How to find polynomial roots correctly?

7
votes

Consider a polynomial such as:

p = [1 -9 27 -27];

obviously the real root is 3:

polyval(p,3)

0

While using the roots function 

q = roots([1 -9 27 -27]);

with format short:

q =

   3.0000 + 0.0000i
   3.0000 + 0.0000i
   3.0000 - 0.0000i

and to check if the the roots are real:

bsxfun(@eq,ones(size(q)),isreal(q))

0
0
0

And even worse with format long I get:

roots([1 -9 27 -27])

ans =

  3.000019414068325 + 0.000000000000000i
  2.999990292965843 + 0.000016813349886i
  2.999990292965843 - 0.000016813349886i

How can I calculate roots of a polynomial correctly?

3
matlabpolynomials
Minor note: your check to see if the roots are real is not correct. isreal(q) gives false if the array q is complex. But some entries may have zero imaginary part. In fact, isreal(q) gives false, whereas for x = q(:).', isreal(x), end gives true, false, false. The first entry of q is real, the others are not, and q as a whole is not real - Luis Mendo

3 Answers

6
votes

You may have to work symbolically. You need the Symbolic Math Toolbox for that.

  1. Define the polynomial as a symbolic function. You can (a) use poly2sym to generate the symbolic polynomial from its coefficients. Or (b) better yet, define the symbolic function directly using a string. That way you avoid the loss of accuracy that may result from representing the coefficients as double.

  2. Use solve, which symbolically solves algebraic equations.

Code with option (a):

p = [1 -9 27 -27];
ps = poly2sym(p);
rs = solve(ps);

Code with option (b):

ps = sym('x^3-9*x^2+27*x-27');
rs = solve(ps);

In either case, the result is symbolic:

>> rs
rs =
 3
 3
 3

You may want to convert to numeric values using

r = double(rs);

In your example, this gives

>> format long
>> r
r =
     3
     3
     3
5
votes

This is due to floating point inaccuracies. Have a look at this post for details: Is floating point math broken?

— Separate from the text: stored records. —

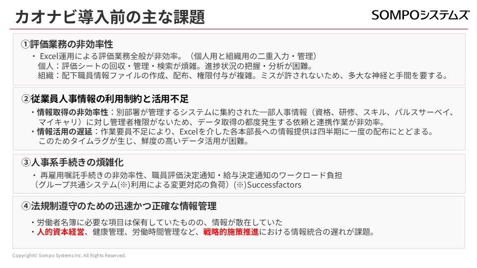 カオナビ導入前には、大きく分けて4つの課題がありました。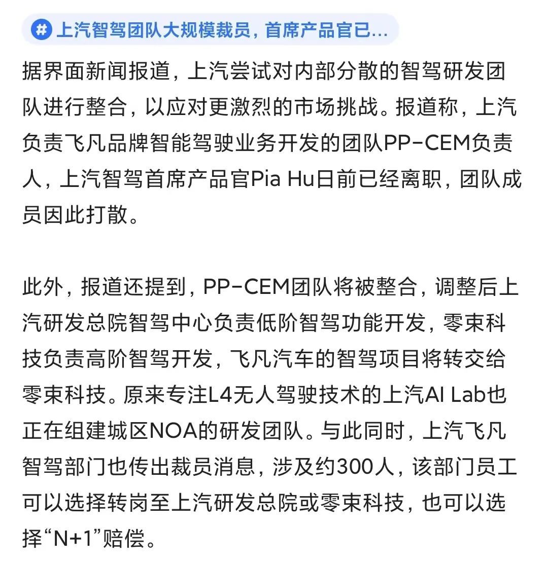 觉得智驾是灵魂的上汽,竟然把飞凡的智驾团队裁了…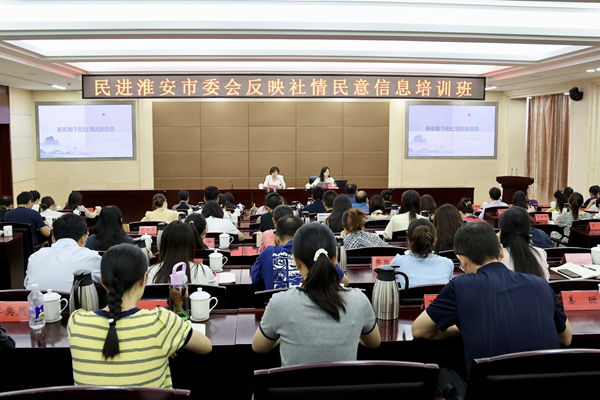 8月20日下午,民进淮安市委会在市政府会议中心举办反映社情民意信息专题培训班。民进淮安市委会主委、市民政局局长李萍主持并讲话,副主委胡珍、赵桐,民进省委委员王丹,部分市委委员,各基层委员会、总支、支部负责人、骨干信息员及青工委委员共90余人参加培训。培训特邀民进省委会参政议政处二级主任科员马乐为参训会员授课。培训分两个阶段,第一阶段为反映社情民意信息专题讲座;第二阶段是社情民意信息座谈会。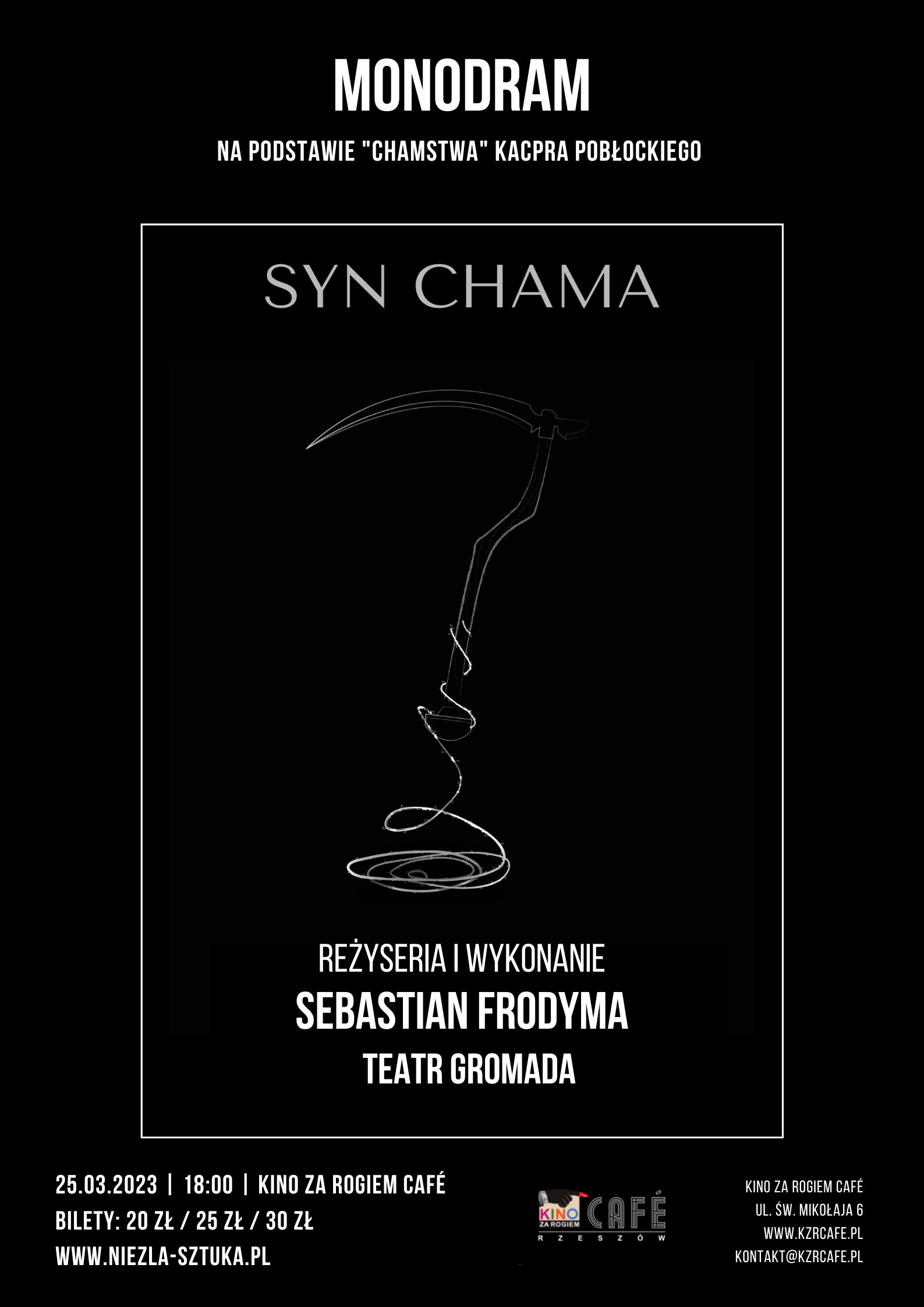 25.03 o godz. 18:00 Kino za Rogiem Cafe zaprasza na monodram Teatru Gromada „Syn Chama", w reżyserii i wykonaniu Sebastiana Frodymy, półfinalisty Mam Talent, artysty scenicznego i rzemieślnika kuglarskiego.

One thing you can do is to round off the answer/s upto some decimal places like this:

q = round(roots([1 -9 27 -27]), 4) % rounding off to 4 decimal places
0
votes

This is very specific to your polynomial. In general you have to expect that a root of multiplicity m has a relative floating point error of magnitude mu^(1/m) where mu=1e-15 is the machine precision. In this case the multiplicity is m=3, thus the error in the range of 10^(-5). Which is exactly the scale of the errors in your results.

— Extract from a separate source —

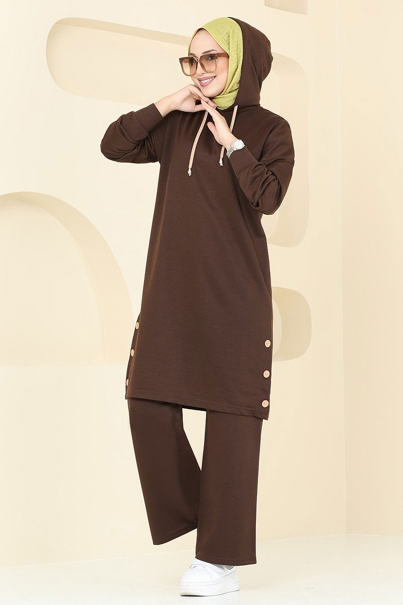 المنتج لديه ياقة مع قبعة. الازرار الموجود بالفتحات اكسسوار. غير مبطنة. تم خياطة القبعة مع المنتج خصر البنطال مرن. قد يكون هناك اختلاف في الدرجة اللونية في المنتج بسبب التقاط الصور الفوتوغرافية.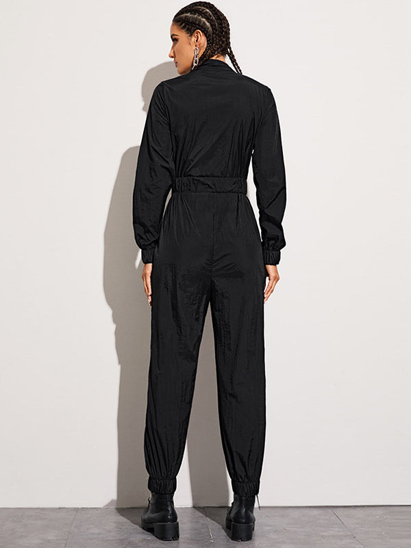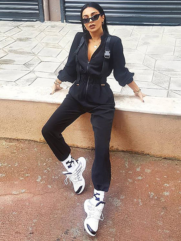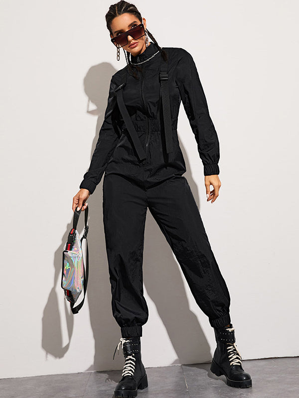 Street Schoolbag Buckle Long Sleeves Jumpsuits

That this happens here with clear integer coefficients is a result of the method matlab uses, it computes the eigenvalues of the companion matrix, and the eigenvalue algorithm will transform the integer matrix into a proper floating point matrix with corresponding rounding errors in the first step of the algorithm.

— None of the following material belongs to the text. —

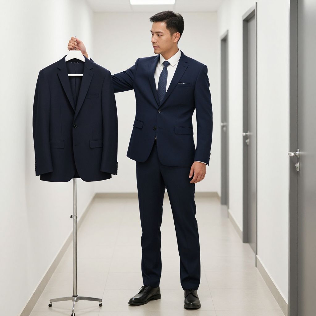 Office Cloth Costume, man in a suit standing in a hallway with a suit on

Other algorithms have empirical tests for multiplicities and associated clusters of approximative roots and thus are able to correct this error. In this case you could achieve this by replacing each root by the average of the 3 roots.

Mathematically, you have some polynomial 

p(x)=(x-a)^m*q(x)

with a root at x=a of multiplicity m. Due to floating point operations, the solver effectively "sees" a polynomial

p(x)+e(x)

where the coefficients of e(x) have a size that is the magnitude of the coefficients of p times mu. Close to the root a, this perturbed polynomial can be effectively replaced by

(x-a)^m*q(a)+e(a) = 0  <==>  (x-a)^m = -e(a)/q(a)

so that the solutions form an m-pointed regular polygon or star centered at a with radius |e(a)/q(a)|^(1/m) which should be in the region of |a|*mu^(1/m).